We identified subpopulations of stromal cells in ovarian EMs ectopic endometrial tissue. Histological immunofluorescence analysis and FACS with markers were used for different kinds of cells including S100A4 for fibroblasts, α-SMA for myofibroblasts, as well as CD140b for mesenchymal stromal cells (MSCs). We found a greater proportion of myofibroblasts in the endometrial stroma than in the eutopic endometrial tissue whereas the proportion of CD140b-positive cells was the opposite. After FAC treatment, iron-induced ferroptosis resulted in profound changes in the subpopulation of stromal cells, among which decreased MSCs expressing CD140b and increased myofibroblasts expressing α-SMA were the predominant characteristics. These findings were consistent with previous reports that stromal cells harbor multiple stromal populations (Bani and Nistri, 2014; Rodda et al., 2018; Xie et al., 2018). Furthermore, in research concerning EMs stromal cells, Konrad et al. characterized the existence of stromal cell subpopulations in the endometrium with or without EMs using different markers (Konrad et al., 2018). To explore cellular interactions in the process of endometrial regeneration, Queckbörner used single-cell RNA sequencing and identified 10 different stromal cell subpopulations and two pericyte subsets existing in the stroma, establishing cell cluster diversity and indicating that the endometrial stromal compartment is very complex (Queckbörner et al., 2021). Taken together and considering possible differences between RNA levels and protein levels, the subpopulations and specific functions of EMs stromal cells are worth further study.
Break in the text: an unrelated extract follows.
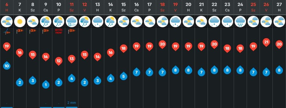 Az Időkép előrejelzése szerint hétfő reggel és délelőtt erősen felhős idő várható, kisebb eső, futó zápor előfordulhat Kecskeméten. Délután már szakadozik a felhőzet, és több-kevesebb napsütés is lehet. Az északnyugatira forduló szél élénk, időnként erős lesz. A hőmérséklet napközben kb. 18–21 °C között alakul.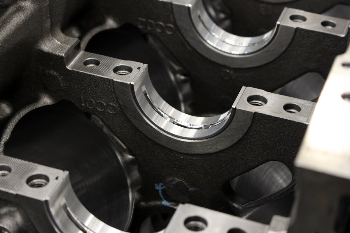 While we upgraded to Energy Manufacturing's billet main caps, we retained the OEM main bearings, as they should be capable of handling what we throw at it.

Myofibroblasts are proposed as the principal source of ECM in fibrosis. Our study revealed vital theoretical evidence for explaining the mechanisms of fibrosis exacerbated by iron-induced ferroptosis in ovarian EMs, namely, ferroptosis induced by iron in stromal cells triggers the activation of fibrosis in ovarian EMs.

To further validate the biological role of iron-induced or erastin-induced ferroptosis in vivo, we first established a mouse model of EMs. Ectopic lesions in the experimental group were established successfully, and the results confirmed the aforementioned conclusions that ferroptosis induced by FAC could aggravate fibrosis whereas ferroptosis induced by erastin maybe play a key role in the inhibition of fibrotic protein levels. The inhibitory effect of erastin on EMs lesions was also reported by Li et al. (2021). Yu et al. reported that feeding hepatocyte-specific transferrin knockout (Trf-LKO) mouse with impaired iron metabolism a high-iron diet increased their susceptibility to developing ferroptosis-induced liver fibrosis and Fer-1 could potently reduce liver fibrosis triggered by iron-induced ferroptosis (Yu et al., 2020). Zhang et al. found that inducing hepatic stellate cells ferroptosis could be an effective manner to alleviate murine liver fibrosis (Zhang et al., 2020b). Compared with control mice, the myocardium of mice with heart failure was reported to exhibit obvious fibrosis combined with higher levels of iron and MDA, which indicated that the occurrence of ferroptosis maybe plays a key role in fibrosis (Zheng et al., 2021). Therefore, most studies were consistent with our results confirming the fact that iron-induced ferroptosis is a promoter of fibrosis whereas erastin-induced ferroptosis tends to reduce the level of fibrosis. However, Gong found that erastin-induced ferroptosis can promote fibroblast-to-myofibroblast differentiation whereas ferroptosis inhibitors such as Fer-1 reduce the level of pulmonary fibrosis (Gong et al., 2019). We consider that this difference may be related to the different types of disease models.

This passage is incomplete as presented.